[Opening DATA SEGMENT section]
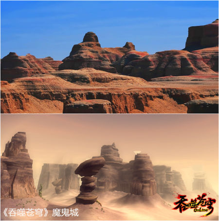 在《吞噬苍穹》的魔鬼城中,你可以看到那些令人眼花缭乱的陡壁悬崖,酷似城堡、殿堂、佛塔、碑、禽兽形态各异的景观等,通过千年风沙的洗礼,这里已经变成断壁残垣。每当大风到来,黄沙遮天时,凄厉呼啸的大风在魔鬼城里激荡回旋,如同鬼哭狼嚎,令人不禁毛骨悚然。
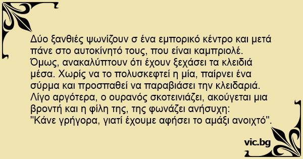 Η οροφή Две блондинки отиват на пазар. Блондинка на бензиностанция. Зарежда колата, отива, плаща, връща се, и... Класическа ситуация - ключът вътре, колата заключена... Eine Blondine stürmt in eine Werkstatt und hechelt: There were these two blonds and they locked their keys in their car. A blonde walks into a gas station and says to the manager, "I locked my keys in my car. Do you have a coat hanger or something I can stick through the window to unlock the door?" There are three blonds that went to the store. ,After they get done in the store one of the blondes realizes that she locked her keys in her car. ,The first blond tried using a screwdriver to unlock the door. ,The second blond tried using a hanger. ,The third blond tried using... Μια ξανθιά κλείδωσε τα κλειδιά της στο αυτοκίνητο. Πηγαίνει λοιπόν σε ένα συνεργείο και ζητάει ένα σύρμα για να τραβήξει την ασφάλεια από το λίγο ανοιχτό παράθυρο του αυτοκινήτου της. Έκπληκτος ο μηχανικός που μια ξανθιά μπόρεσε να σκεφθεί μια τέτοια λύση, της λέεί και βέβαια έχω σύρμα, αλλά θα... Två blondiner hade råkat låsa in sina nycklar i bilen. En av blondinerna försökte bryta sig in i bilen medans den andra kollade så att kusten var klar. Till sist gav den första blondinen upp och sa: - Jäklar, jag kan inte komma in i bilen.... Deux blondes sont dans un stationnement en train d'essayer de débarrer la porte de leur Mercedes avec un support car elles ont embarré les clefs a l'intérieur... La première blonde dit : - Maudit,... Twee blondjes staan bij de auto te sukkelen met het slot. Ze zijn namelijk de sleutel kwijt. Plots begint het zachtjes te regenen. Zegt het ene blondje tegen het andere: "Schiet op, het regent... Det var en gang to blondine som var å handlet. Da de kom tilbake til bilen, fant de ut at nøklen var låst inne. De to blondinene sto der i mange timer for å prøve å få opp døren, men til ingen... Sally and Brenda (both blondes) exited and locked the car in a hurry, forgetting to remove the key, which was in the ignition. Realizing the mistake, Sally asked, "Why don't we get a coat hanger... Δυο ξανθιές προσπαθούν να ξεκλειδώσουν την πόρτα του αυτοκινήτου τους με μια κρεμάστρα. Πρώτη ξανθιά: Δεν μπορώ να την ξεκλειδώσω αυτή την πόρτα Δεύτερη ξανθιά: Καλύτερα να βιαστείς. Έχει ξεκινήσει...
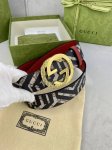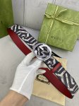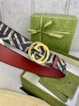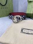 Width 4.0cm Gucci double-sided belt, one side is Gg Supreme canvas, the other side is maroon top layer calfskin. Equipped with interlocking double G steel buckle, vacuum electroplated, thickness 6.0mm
[Closing DATA SEGMENT section]
◆ **YOUR TASK**
Leave the pictures out and set down the rest of the listing above exactly.

◆ **SOLUTION**
 在《吞噬苍穹》的魔鬼城中,你可以看到那些令人眼花缭乱的陡壁悬崖,酷似城堡、殿堂、佛塔、碑、禽兽形态各异的景观等,通过千年风沙的洗礼,这里已经变成断壁残垣。每当大风到来,黄沙遮天时,凄厉呼啸的大风在魔鬼城里激荡回旋,如同鬼哭狼嚎,令人不禁毛骨悚然。
 Η οροφή Две блондинки отиват на пазар. Блондинка на бензиностанция. Зарежда колата, отива, плаща, връща се, и... Класическа ситуация - ключът вътре, колата заключена... Eine Blondine stürmt in eine Werkstatt und hechelt: There were these two blonds and they locked their keys in their car. A blonde walks into a gas station and says to the manager, "I locked my keys in my car. Do you have a coat hanger or something I can stick through the window to unlock the door?" There are three blonds that went to the store. ,After they get done in the store one of the blondes realizes that she locked her keys in her car. ,The first blond tried using a screwdriver to unlock the door. ,The second blond tried using a hanger. ,The third blond tried using... Μια ξανθιά κλείδωσε τα κλειδιά της στο αυτοκίνητο. Πηγαίνει λοιπόν σε ένα συνεργείο και ζητάει ένα σύρμα για να τραβήξει την ασφάλεια από το λίγο ανοιχτό παράθυρο του αυτοκινήτου της. Έκπληκτος ο μηχανικός που μια ξανθιά μπόρεσε να σκεφθεί μια τέτοια λύση, της λέεί και βέβαια έχω σύρμα, αλλά θα... Två blondiner hade råkat låsa in sina nycklar i bilen. En av blondinerna försökte bryta sig in i bilen medans den andra kollade så att kusten var klar. Till sist gav den första blondinen upp och sa: - Jäklar, jag kan inte komma in i bilen.... Deux blondes sont dans un stationnement en train d'essayer de débarrer la porte de leur Mercedes avec un support car elles ont embarré les clefs a l'intérieur... La première blonde dit : - Maudit,... Twee blondjes staan bij de auto te sukkelen met het slot. Ze zijn namelijk de sleutel kwijt. Plots begint het zachtjes te regenen. Zegt het ene blondje tegen het andere: "Schiet op, het regent... Det var en gang to blondine som var å handlet. Da de kom tilbake til bilen, fant de ut at nøklen var låst inne. De to blondinene sto der i mange timer for å prøve å få opp døren, men til ingen... Sally and Brenda (both blondes) exited and locked the car in a hurry, forgetting to remove the key, which was in the ignition. Realizing the mistake, Sally asked, "Why don't we get a coat hanger... Δυο ξανθιές προσπαθούν να ξεκλειδώσουν την πόρτα του αυτοκινήτου τους με μια κρεμάστρα. Πρώτη ξανθιά: Δεν μπορώ να την ξεκλειδώσω αυτή την πόρτα Δεύτερη ξανθιά: Καλύτερα να βιαστείς. Έχει ξεκινήσει...
 Width 4.0cm Gucci double-sided belt, one side is Gg Supreme canvas, the other side is maroon top layer calfskin. Equipped with interlocking double G steel buckle, vacuum electroplated, thickness 6.0mm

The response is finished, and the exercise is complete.